Factors Researchers Often Overlook
The user's framing covers most of the major considerations. A few factors that often go underweighted:
Mucociliary clearance kinetics. The 15 to 20 minute window after IN administration is the absorption window. Beyond that, peptide is swept to the throat and either swallowed or exits the system. This caps the practical absorption time regardless of dose, and it differs by species (rodents have shorter clearance times than primates).
Nasal proteases. The nasal mucosa contains aminopeptidases, endopeptidases, and other proteolytic enzymes that can degrade peptides before absorption. Selank and DSIP are reasonably stable in this environment; Kisspeptin-10 is less characterized for nasal mucosal stability and may degrade faster.
Volume constraints in rodent IN administration. Mice can typically receive 5 to 10 microliters per nostril without overflow; rats can receive 10 to 25 microliters per nostril. This caps the volume deliverable in a given administration and forces researchers to use concentrated solutions, which can change pharmacokinetics nonlinearly.
Anesthesia confound for IN administration. Most rodent IN protocols use light isoflurane anesthesia to position the animal and prevent sneezing. The anesthesia itself can affect endpoints, especially in sleep, stress, and behavioral paradigms. SC administration in unrestrained animals avoids this.
Reproducibility variance. IN bioavailability varies more between animals and between days (with mucosal hydration, breathing pattern, head angle) than SC. For studies requiring tight statistical power, this matters.
Vehicle compatibility. Some IN formulations require permeation enhancers or specific buffer chemistry to optimize absorption. Others tolerate simple bacteriostatic water reconstitution. Vehicle differences can be a hidden source of variability.

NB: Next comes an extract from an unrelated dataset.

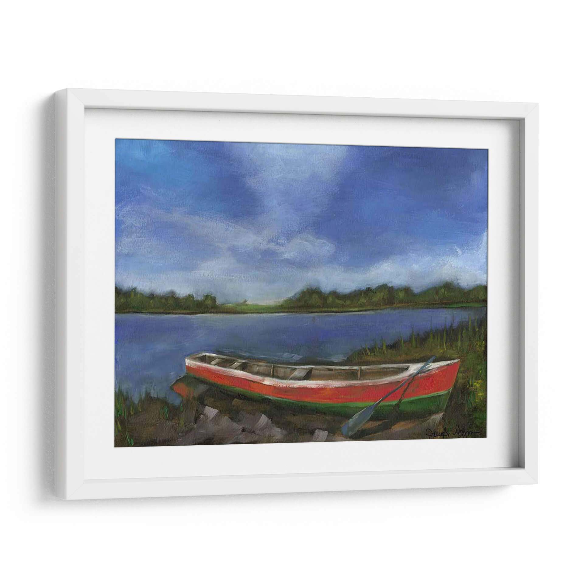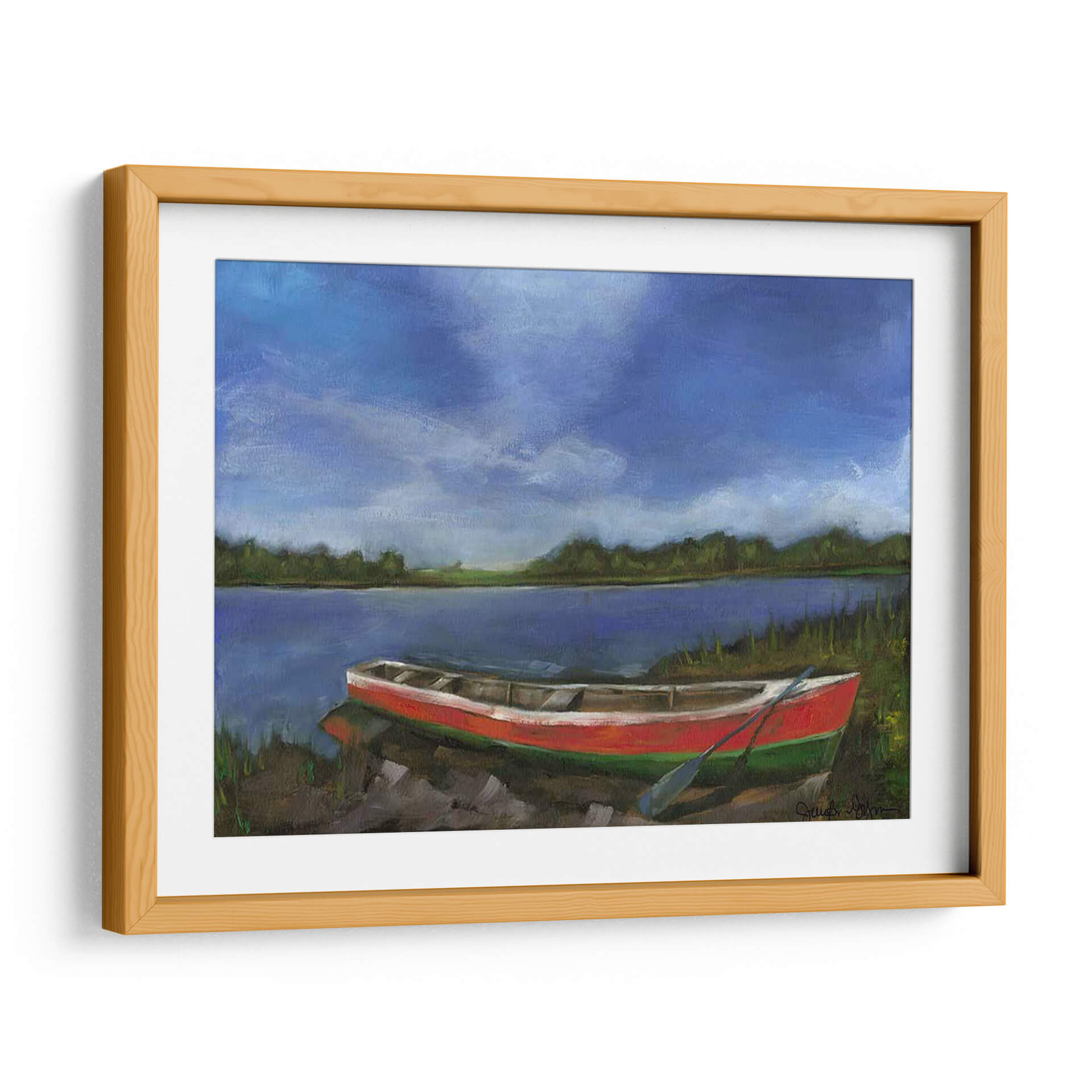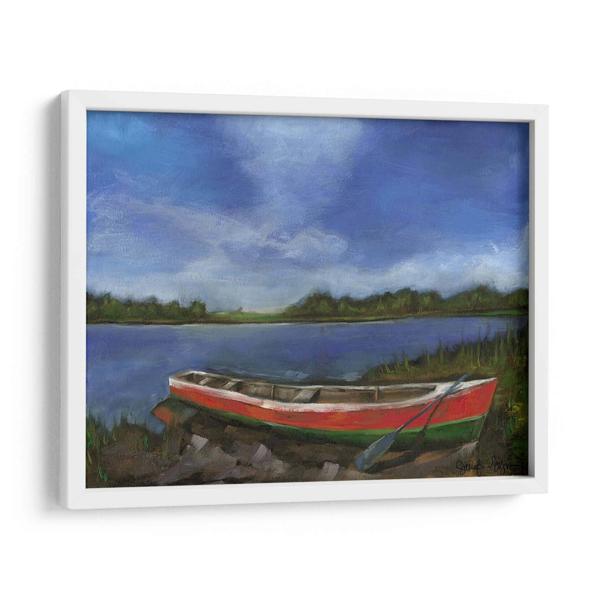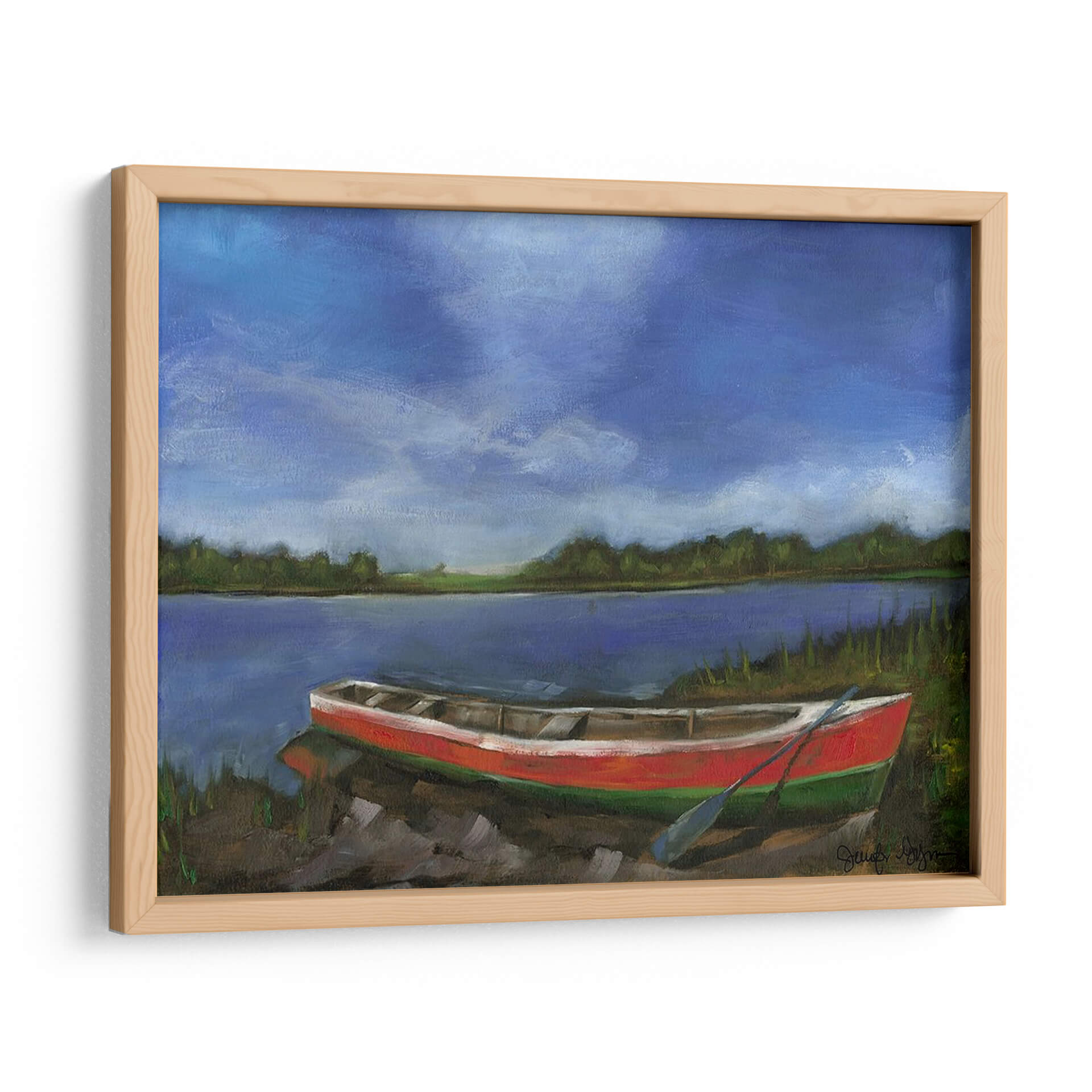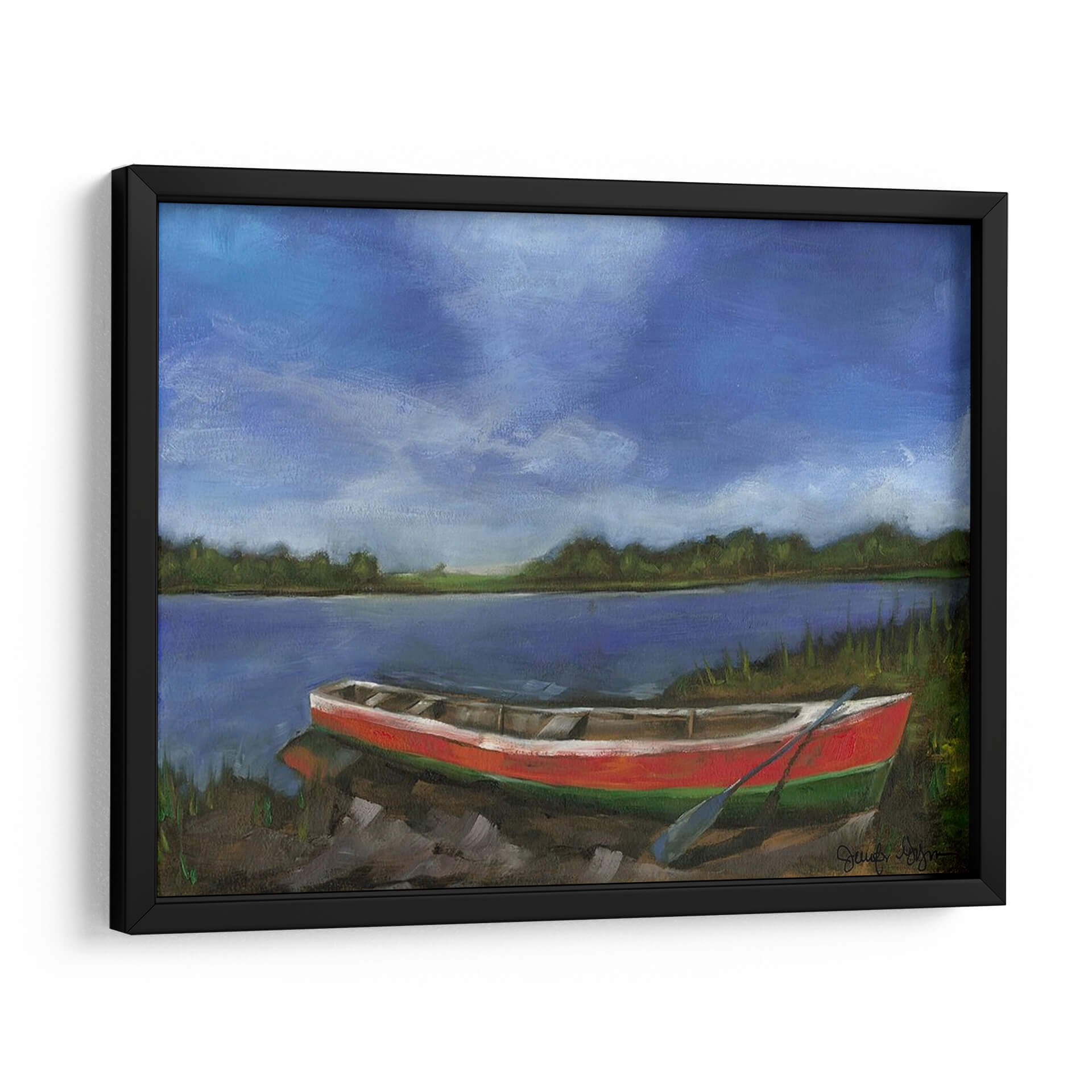 Embárquese en una serena escapada costera con "Maine Escape II", una cautivadora obra de arte que captura la tranquilidad de un día junto al agua. Esta pieza presenta un pintoresco bote rojo y verde varado en la orilla, reflejando la suave luz del sol sobre el agua azul profundo. El horizonte está adornado con una línea de árboles exuberantes y frondosos, coronado por un cielo azul vibrante con nubes tenues que sugieren una brisa suave. La paleta de colores, dominada por azules profundos, verdes naturales y toques cálidos de rojo y tierra, evoca una sensación de paz y conexión con la naturaleza. El estilo impresionista de la pintura, con pinceladas visibles y un enfoque en la luz y la atmósfera, añade una cualidad etérea a la escena. "Maine Escape II" es ideal para añadir un toque de serenidad y encanto rústico a cualquier sala de estar, dormitorio u oficina. Este cuadro decorativo es perfecto para aquellos que buscan un refugio visual de la vida cotidiana, transportándolos a un lugar de calma y contemplación. Su composición equilibrada y los colores evocadores lo convierten en una adición versátil a diversos estilos de decoración, desde la costera hasta la contemporánea, aportando una atmósfera de tranquilidad y belleza natural.

Olfactory vs trigeminal vs respiratory pathway differences. The three IN-to-brain pathways have different transport kinetics and brain region biases. Olfactory dominates direct nose-to-brain delivery; trigeminal contributes to brainstem regions; respiratory absorption goes systemic. Different IN administration techniques bias toward different pathways.
For the broader methodology context, Peptide Research Design: In Vivo Study Fundamentals covers vehicle controls, sample size, and design considerations relevant to any route.
A Decision Framework for the Three Peptides
Putting the considerations together:
Selank: Intranasal. The published literature, the commercial Russian formulation, and the cluster of established CNS endpoints all point to IN as the default. SC is appropriate only for specific PK/distribution questions where IN is being compared.
DSIP: Endpoint-driven. For sleep architecture, behavioral CNS, and neuroprotection endpoints, IN. For HPA axis, peripheral immune, and systemic stress endpoints, SC. Many DSIP research designs use SC because the endpoints are systemic; many use IN because the endpoints are central. The published literature supports both.
Kisspeptin: Subcutaneous (or IV bolus for pulse studies). The hypothalamic target is accessible via systemic circulation through the median eminence CVO. Pulse architecture matters for HPG axis endpoints, which favors IV bolus. Chronic protocols favor SC for practicality. IN is the right choice only for non-HPG-axis CNS questions where direct brain access matters more than systemic exposure.
What Distinguishes Research Sourcing for These Three
For researchers planning to source these peptides for laboratory work, the analytical and operational considerations are similar across the three. Each requires HPLC purity verification above 98 percent, mass spectrometry molecular weight match, peptide content quantification, and a batch-specific Certificate of Analysis. Reliable suppliers ship all three under matching analytical specifications. For the framework that applies to any research peptide source, see the Most Reliable Peptide Company sourcing guide and the cluster pillar Peptides in Research: A Comprehensive Guide to Peptide Science.
DSIP and Selank 10mg are available in the Midwest Peptide research catalog. Kisspeptin is supplied through specialty research peptide channels; researchers studying the HPG axis typically maintain their kisspeptin sourcing through dedicated suppliers familiar with the molecule's chemistry and stability requirements.
External References for Administration Route Research
For external authoritative context on subcutaneous vs intranasal peptide delivery:
Bottom Line
For three CNS-active research peptides under 1300 Da, the published literature points to clear default routes: Selank intranasal, kisspeptin subcutaneous (or IV bolus), and DSIP endpoint-dependent across both routes. Molecular size is not the differentiator since all three are well below the nasal mucosal threshold. The differentiators are target tissue anatomy (kisspeptin's hypothalamic target is accessible via systemic circulation through a circumventricular organ; Selank's broader CNS targets benefit from direct nose-to-brain access), published methodology precedent (Selank's Russian research program established IN as the standard), and the specific endpoints being measured (DSIP's sleep vs HPA axis split).
Researchers planning new studies should align route selection with the cited literature wherever possible, document any route deviations explicitly in the study design, and consider the practical factors (mucociliary clearance, volume constraints, anesthesia confound, reproducibility variance) that shape IN feasibility in chronic protocols. All discussion is for laboratory and in-vivo research only. Not for human consumption.